The paper introduces Retrieval Augmented Classification (RAC) which, applied to the problem of long-tail classification, shows “a significant improvement over previous state-of-the-art … despite using only the training datasets themselves as the external information source.”
“When you don’t have much training data for a class, doing retrieval is better. But when you do have a lot of training data, classical supervised learning is better. One way to think about RAC is that it’s just a way to use both, although it unlocks a few other capabilities as well,” Long said.
At the end of his internship, Long went through a set of interviews and presented the work he had done over that period to help secure a full-time position as an applied scientist. Van den Hengel said the decision to hire Long was easy. “He has great skills, and a strong publication record. More than that though, he demonstrated the ability to apply and extend the state of the art in ML research. That’s what we’re seeking.”
I was told to set my own direction, work at my own pace, and let’s see what you do at the end of six months.
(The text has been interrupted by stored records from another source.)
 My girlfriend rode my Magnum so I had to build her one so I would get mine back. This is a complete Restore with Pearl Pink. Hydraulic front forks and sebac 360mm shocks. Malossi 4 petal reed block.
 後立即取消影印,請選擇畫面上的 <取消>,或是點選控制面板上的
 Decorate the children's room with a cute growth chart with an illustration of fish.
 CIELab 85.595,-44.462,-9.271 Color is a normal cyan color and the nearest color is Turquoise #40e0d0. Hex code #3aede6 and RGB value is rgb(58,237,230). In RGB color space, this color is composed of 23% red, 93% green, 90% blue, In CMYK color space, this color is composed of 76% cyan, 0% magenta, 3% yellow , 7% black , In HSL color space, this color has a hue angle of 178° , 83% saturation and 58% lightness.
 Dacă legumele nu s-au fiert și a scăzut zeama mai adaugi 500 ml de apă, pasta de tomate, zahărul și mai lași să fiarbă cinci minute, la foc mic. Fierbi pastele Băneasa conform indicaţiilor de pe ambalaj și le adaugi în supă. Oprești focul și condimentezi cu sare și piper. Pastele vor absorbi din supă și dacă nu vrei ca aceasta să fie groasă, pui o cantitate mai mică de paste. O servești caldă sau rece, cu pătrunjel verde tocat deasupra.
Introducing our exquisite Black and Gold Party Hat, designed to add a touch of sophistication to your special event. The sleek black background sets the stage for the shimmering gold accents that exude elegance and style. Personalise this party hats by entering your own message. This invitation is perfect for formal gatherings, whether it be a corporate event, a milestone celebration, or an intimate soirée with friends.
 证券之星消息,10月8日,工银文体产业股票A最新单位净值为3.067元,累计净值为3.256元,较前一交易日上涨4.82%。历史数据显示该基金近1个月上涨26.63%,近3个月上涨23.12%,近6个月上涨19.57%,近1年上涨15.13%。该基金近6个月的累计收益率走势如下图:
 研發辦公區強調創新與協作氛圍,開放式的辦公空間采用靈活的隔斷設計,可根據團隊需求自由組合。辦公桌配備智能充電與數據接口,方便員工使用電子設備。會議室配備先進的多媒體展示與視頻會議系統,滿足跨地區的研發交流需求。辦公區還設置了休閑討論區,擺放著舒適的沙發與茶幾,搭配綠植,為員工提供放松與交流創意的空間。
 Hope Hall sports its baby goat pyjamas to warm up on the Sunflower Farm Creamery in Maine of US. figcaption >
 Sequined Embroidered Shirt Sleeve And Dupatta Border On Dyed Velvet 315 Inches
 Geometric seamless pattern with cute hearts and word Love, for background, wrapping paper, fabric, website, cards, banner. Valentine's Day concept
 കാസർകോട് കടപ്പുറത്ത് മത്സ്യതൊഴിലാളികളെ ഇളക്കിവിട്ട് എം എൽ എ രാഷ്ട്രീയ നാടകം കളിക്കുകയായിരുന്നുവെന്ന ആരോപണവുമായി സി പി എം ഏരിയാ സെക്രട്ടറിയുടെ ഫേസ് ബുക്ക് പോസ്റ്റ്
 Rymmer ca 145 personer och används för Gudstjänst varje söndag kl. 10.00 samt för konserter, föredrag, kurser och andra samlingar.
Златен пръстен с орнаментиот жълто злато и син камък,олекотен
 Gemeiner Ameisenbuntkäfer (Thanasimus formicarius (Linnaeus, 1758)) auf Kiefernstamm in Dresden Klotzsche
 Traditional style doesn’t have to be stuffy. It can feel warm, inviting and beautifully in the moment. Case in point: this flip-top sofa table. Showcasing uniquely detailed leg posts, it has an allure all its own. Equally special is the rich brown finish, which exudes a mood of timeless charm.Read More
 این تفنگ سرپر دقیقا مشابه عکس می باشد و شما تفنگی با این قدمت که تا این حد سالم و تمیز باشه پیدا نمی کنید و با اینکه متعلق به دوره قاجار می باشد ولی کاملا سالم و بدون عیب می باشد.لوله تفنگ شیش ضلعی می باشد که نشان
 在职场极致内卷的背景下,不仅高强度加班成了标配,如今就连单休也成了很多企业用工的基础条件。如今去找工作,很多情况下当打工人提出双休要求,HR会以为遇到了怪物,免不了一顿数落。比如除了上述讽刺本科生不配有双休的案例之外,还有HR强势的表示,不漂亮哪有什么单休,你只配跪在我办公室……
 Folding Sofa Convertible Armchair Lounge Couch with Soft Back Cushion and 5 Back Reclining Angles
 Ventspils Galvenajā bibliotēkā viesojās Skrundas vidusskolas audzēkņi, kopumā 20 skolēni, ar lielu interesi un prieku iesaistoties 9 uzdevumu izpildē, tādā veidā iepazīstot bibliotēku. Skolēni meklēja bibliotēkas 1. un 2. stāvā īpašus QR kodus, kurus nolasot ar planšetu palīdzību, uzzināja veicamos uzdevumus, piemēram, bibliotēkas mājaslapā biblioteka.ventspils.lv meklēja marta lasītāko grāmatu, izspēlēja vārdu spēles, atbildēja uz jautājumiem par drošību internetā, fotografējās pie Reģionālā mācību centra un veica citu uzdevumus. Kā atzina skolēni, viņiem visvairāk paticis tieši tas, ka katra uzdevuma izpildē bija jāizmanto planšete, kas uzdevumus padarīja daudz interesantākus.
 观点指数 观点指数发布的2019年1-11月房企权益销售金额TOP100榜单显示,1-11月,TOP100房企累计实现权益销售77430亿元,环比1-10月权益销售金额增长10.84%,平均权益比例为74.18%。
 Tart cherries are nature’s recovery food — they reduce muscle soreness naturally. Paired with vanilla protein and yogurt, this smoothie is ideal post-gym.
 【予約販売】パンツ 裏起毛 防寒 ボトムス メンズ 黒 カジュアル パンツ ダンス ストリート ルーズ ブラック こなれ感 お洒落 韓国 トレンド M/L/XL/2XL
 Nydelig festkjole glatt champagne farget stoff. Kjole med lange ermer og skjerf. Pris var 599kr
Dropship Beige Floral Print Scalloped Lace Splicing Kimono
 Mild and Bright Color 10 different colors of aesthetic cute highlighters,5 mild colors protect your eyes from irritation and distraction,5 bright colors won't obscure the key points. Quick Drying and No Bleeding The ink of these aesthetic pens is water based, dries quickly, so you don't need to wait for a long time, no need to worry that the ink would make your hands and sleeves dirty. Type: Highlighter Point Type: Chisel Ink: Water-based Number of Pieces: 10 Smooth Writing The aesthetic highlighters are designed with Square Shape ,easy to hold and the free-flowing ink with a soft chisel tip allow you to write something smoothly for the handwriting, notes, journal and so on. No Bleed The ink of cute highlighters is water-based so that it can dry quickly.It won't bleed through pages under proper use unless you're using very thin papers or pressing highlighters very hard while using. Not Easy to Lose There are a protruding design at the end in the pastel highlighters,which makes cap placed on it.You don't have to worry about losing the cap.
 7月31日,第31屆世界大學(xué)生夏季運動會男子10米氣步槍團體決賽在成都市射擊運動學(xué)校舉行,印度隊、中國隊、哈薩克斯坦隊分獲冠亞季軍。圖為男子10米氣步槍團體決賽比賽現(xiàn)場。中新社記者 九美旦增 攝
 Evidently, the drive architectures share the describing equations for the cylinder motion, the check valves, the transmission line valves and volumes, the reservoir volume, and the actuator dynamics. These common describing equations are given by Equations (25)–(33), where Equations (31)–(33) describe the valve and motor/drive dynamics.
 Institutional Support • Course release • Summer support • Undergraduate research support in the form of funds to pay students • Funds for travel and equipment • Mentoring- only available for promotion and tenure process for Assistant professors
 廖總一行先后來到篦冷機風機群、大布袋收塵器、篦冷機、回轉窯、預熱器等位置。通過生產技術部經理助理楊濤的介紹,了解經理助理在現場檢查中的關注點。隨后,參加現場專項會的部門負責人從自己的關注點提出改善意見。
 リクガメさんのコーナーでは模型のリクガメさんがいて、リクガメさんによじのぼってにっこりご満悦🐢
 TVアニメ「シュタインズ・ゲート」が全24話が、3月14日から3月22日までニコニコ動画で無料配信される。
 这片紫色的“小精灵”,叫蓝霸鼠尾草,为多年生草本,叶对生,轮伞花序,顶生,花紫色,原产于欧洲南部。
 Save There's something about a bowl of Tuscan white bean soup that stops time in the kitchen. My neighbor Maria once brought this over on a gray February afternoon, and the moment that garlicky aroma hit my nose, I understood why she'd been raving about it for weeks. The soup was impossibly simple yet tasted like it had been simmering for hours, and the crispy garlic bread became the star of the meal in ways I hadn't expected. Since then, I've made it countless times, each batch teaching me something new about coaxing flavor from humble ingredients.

The other exceptional thing about the internship was hanging out with some of the smartest people.
Looking back on his internship, Long said his startup experience led him to assume a big company like Amazon meant he wouldn’t have as much freedom and would be told exactly what to do.
“It was not like that at all,” he noted. “I was told to set my own direction, work at my own pace, and let’s see what you do at the end of six months.”
“The other exceptional thing about the internship was hanging out with some of the smartest people,” Long said. In his first weeks as an intern, he was in the process of getting his PhD paper published and shared a draft with one of his colleagues, who quickly suggested invaluable changes. “He knew all these little things that no one at my university knew. And you have interactions like that all the time.”
Long compares his experience at Amazon with that of his father’s in oil and gas, where small improvements in efficiency could have tens or hundreds of millions of dollars of business impact. “It’s awesome that one person or a group of people can sit down, think hard, and have a disproportionate effect on both customers and the business. There are very few places where that can occur.”